Your goal →
Your answer should be the records, copied exactly, with the pictures removed.

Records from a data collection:
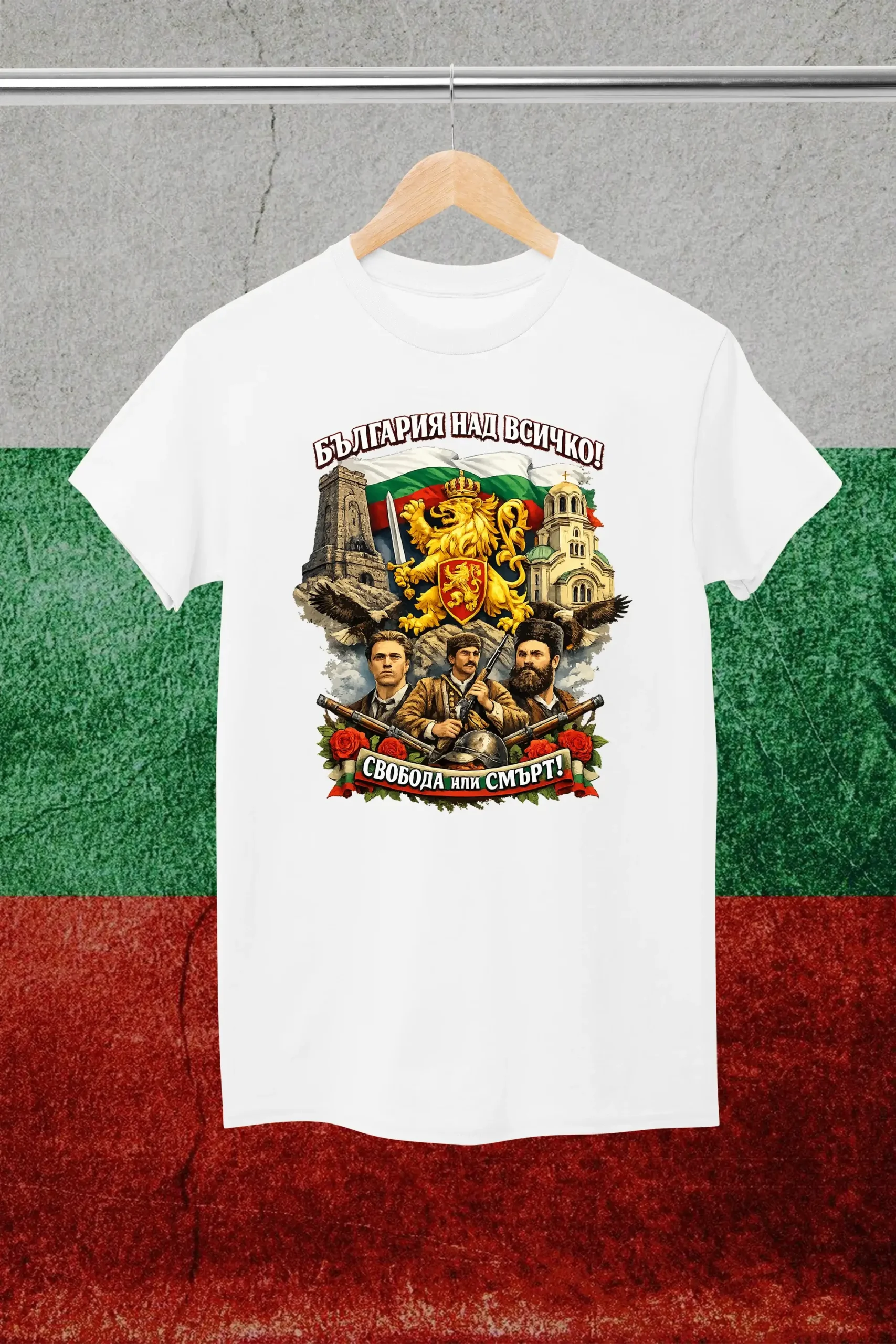 Покажи своята вярност, сила и принадлежност към България с патриотичната тениска „България над всичко“ – внушителен дизайн, който събира в едно националните ни символи, героичния дух и безкомпромисното послание за чест, свобода и родолюбие.
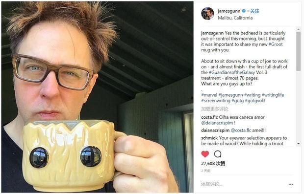 《银河护卫队2》电影日前也刚刚发布了蓝光/DVD版。詹姆斯·古恩则在Instagram上宣布,《银河护卫队3》70页的剧本初稿就快完成了,还晒出了萌萌的格鲁特咖啡杯。
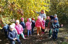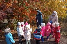 Ребята первой и второй младших групп на прогулке полюбовались красотой осенних деревьев
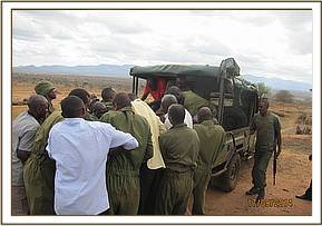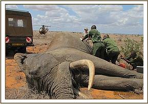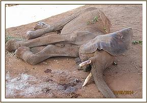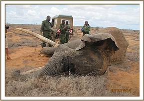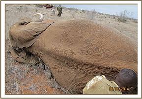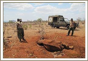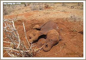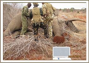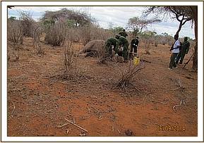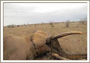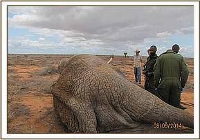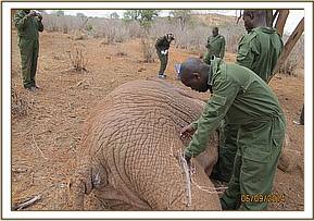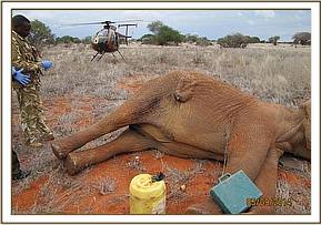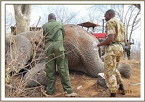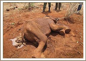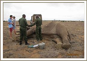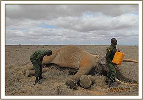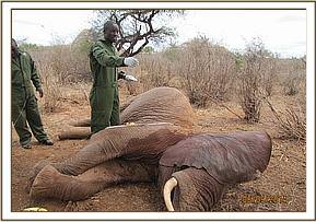 The elephant was immobilized by injection of 2 mgs of etorphine hcl into the ear vein. Lots of water was used to cool her. The body condition was estimated at 2/5 as muscle wasting was evident. The calf was loaded onto a truck and taken to Voi stockade for further medical attention. Intravenous dextrose solution managed to stabilise the calf upon arrival at the stockade. She succumbed two days later and the diagnosis was given as starvation. Cases of mortalities in young calves that are no longer suckling occur often in the parks especially during the dry season when forage and water is scarce.
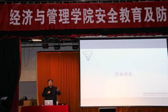 2015年4月14日中午12时40分,304永利集团安全教育及防范技能大会在教三报告厅隆重召开。经济与管理公司党委副书记赵军伟老师,学院团委书记吴薇老师,本科生和研究生的班主任、各级辅导员以及各级本科生和研究生参加了此次培训大会。
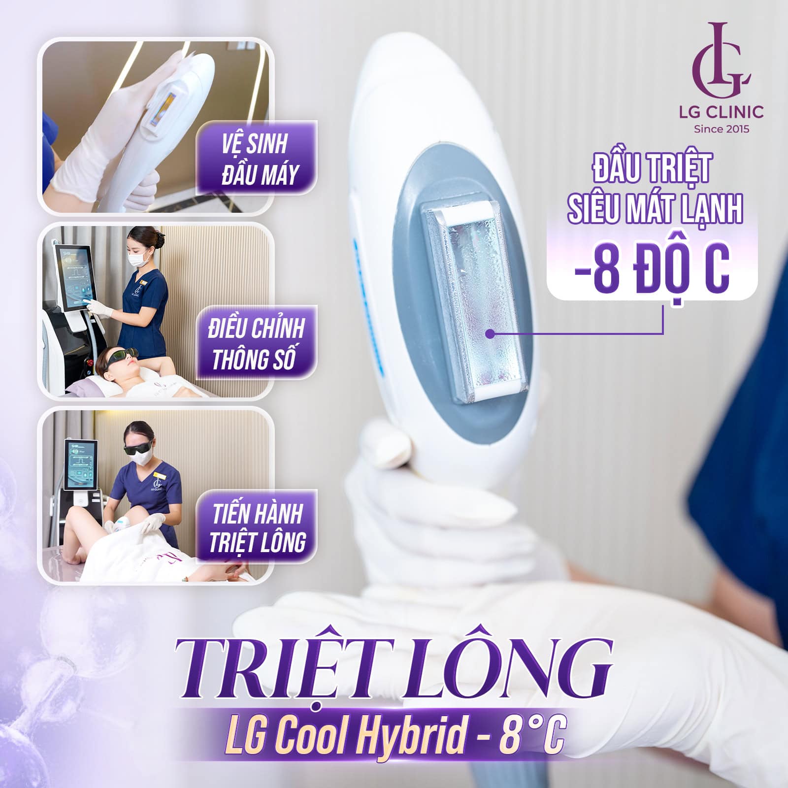 LG Cool Hybrid là công nghệ triệt lông được phát triển bởi đội ngũ kỹ thuật nội bộ của LG Clinic, tích hợp đồng thời hai cơ chế hoạt động trong cùng một hệ thống. Cụ thể, tia laser thế hệ mới giúp tác động sâu đến tận gốc nang lông để ức chế sự phát triển, trong khi hệ thống làm lạnh chủ động giảm nhiệt độ bề mặt da xuống tới –8°C, giúp làm dịu da tức thì và hạn chế tối đa cảm giác bỏng rát thường gặp ở các phương pháp cũ.
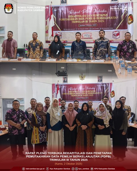 sambas.kpu.go.id - Sambas, Komisi Pemilihan Umum Kabupaten Sambas menetapkan sebanyak 462.121 jiwa pemilih yang tertuang dalam berita acara Pemutakhiran Data Pemilih Berkelanjutan triwulan tiga tahun 2025. Hal ini itu ungkapkan oleh Ketua KPU Kabupaten Sambas, Irawati, Kamis (2/10) pagi, pada saat rapat pleno terbuka rekapitulasi dan penetapan PDPB triwulan tiga.
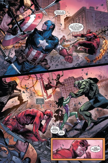 Marco Checchetto, l’artista di Devil’s Reign, ha twittato un’anteprima del numero finale che mostra il volto arrabbiato di Daredevil. Siamo nel bel mezzo di una guerra per le strade di New York City tra i Vendicatori e gli agenti controllati dalla mente dell’Uomo Viola, che ha stretto alleanza con Fisk. Mentre Capitan America combatte versioni di realtà alternative di Otto Octavius e Luke Cage, l’ex fidanzata di Matt Murdock, Kristen McDuffie, lo informa che Fisk ha brutalmente ucciso Mike, il gemello di Matt. Scosso da questa rivelazione, Daredevil si lancia nella mischia, fiducioso che il suo nemico di lunga data non sopravviverà al loro prossimo incontro.
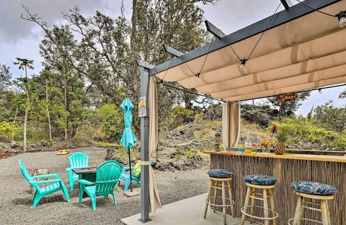 Experience the 'Aloha Spirit' at this 2-bedroom, 1-bathroom vacation rental in the Captain Cook/Naalehu area. The 2-bedroom, 1-bathroom apartment is surrounded by 3 enchanting acres of rare native and rare flowers and plants. You can sit at the tiki bar while you watch for colorful geckos and Hawaiian birds. Or, step inside to appreciate the colorful and well-stocked interior. Venture out to Punalu'u beach, also known as Black Sand Beach, to see the turtles or visit Kula Kai Caverns!
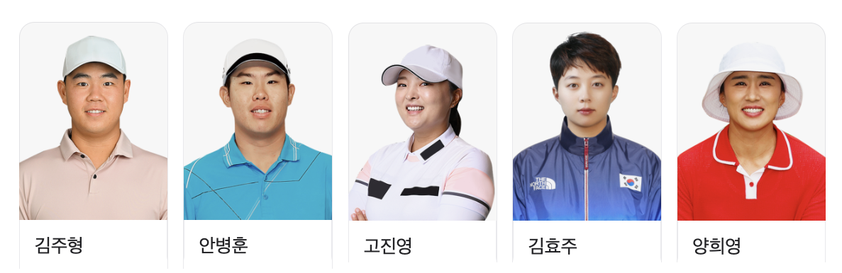 대한민국이 출전하는 종목은 골프, 근대5종, 다이빙, 레슬링, 배드민턴, 브레이킹, 사격, 사이클, 수영, 스포츠클라이밍, 승마, 아티스틱스위밍, 양궁, 역도, 요트, 유도, 육상, 체조, 탁구, 태권도, 펜싱 입니다.

Response →
 Покажи своята вярност, сила и принадлежност към България с патриотичната тениска „България над всичко“ – внушителен дизайн, който събира в едно националните ни символи, героичния дух и безкомпромисното послание за чест, свобода и родолюбие.
 《银河护卫队2》电影日前也刚刚发布了蓝光/DVD版。詹姆斯·古恩则在Instagram上宣布,《银河护卫队3》70页的剧本初稿就快完成了,还晒出了萌萌的格鲁特咖啡杯。
 Ребята первой и второй младших групп на прогулке полюбовались красотой осенних деревьев
 The elephant was immobilized by injection of 2 mgs of etorphine hcl into the ear vein. Lots of water was used to cool her. The body condition was estimated at 2/5 as muscle wasting was evident. The calf was loaded onto a truck and taken to Voi stockade for further medical attention. Intravenous dextrose solution managed to stabilise the calf upon arrival at the stockade. She succumbed two days later and the diagnosis was given as starvation. Cases of mortalities in young calves that are no longer suckling occur often in the parks especially during the dry season when forage and water is scarce.
 2015年4月14日中午12时40分,304永利集团安全教育及防范技能大会在教三报告厅隆重召开。经济与管理公司党委副书记赵军伟老师,学院团委书记吴薇老师,本科生和研究生的班主任、各级辅导员以及各级本科生和研究生参加了此次培训大会。
 LG Cool Hybrid là công nghệ triệt lông được phát triển bởi đội ngũ kỹ thuật nội bộ của LG Clinic, tích hợp đồng thời hai cơ chế hoạt động trong cùng một hệ thống. Cụ thể, tia laser thế hệ mới giúp tác động sâu đến tận gốc nang lông để ức chế sự phát triển, trong khi hệ thống làm lạnh chủ động giảm nhiệt độ bề mặt da xuống tới –8°C, giúp làm dịu da tức thì và hạn chế tối đa cảm giác bỏng rát thường gặp ở các phương pháp cũ.
 sambas.kpu.go.id - Sambas, Komisi Pemilihan Umum Kabupaten Sambas menetapkan sebanyak 462.121 jiwa pemilih yang tertuang dalam berita acara Pemutakhiran Data Pemilih Berkelanjutan triwulan tiga tahun 2025. Hal ini itu ungkapkan oleh Ketua KPU Kabupaten Sambas, Irawati, Kamis (2/10) pagi, pada saat rapat pleno terbuka rekapitulasi dan penetapan PDPB triwulan tiga.
 Marco Checchetto, l’artista di Devil’s Reign, ha twittato un’anteprima del numero finale che mostra il volto arrabbiato di Daredevil. Siamo nel bel mezzo di una guerra per le strade di New York City tra i Vendicatori e gli agenti controllati dalla mente dell’Uomo Viola, che ha stretto alleanza con Fisk. Mentre Capitan America combatte versioni di realtà alternative di Otto Octavius e Luke Cage, l’ex fidanzata di Matt Murdock, Kristen McDuffie, lo informa che Fisk ha brutalmente ucciso Mike, il gemello di Matt. Scosso da questa rivelazione, Daredevil si lancia nella mischia, fiducioso che il suo nemico di lunga data non sopravviverà al loro prossimo incontro.
 Experience the 'Aloha Spirit' at this 2-bedroom, 1-bathroom vacation rental in the Captain Cook/Naalehu area. The 2-bedroom, 1-bathroom apartment is surrounded by 3 enchanting acres of rare native and rare flowers and plants. You can sit at the tiki bar while you watch for colorful geckos and Hawaiian birds. Or, step inside to appreciate the colorful and well-stocked interior. Venture out to Punalu'u beach, also known as Black Sand Beach, to see the turtles or visit Kula Kai Caverns!
 대한민국이 출전하는 종목은 골프, 근대5종, 다이빙, 레슬링, 배드민턴, 브레이킹, 사격, 사이클, 수영, 스포츠클라이밍, 승마, 아티스틱스위밍, 양궁, 역도, 요트, 유도, 육상, 체조, 탁구, 태권도, 펜싱 입니다.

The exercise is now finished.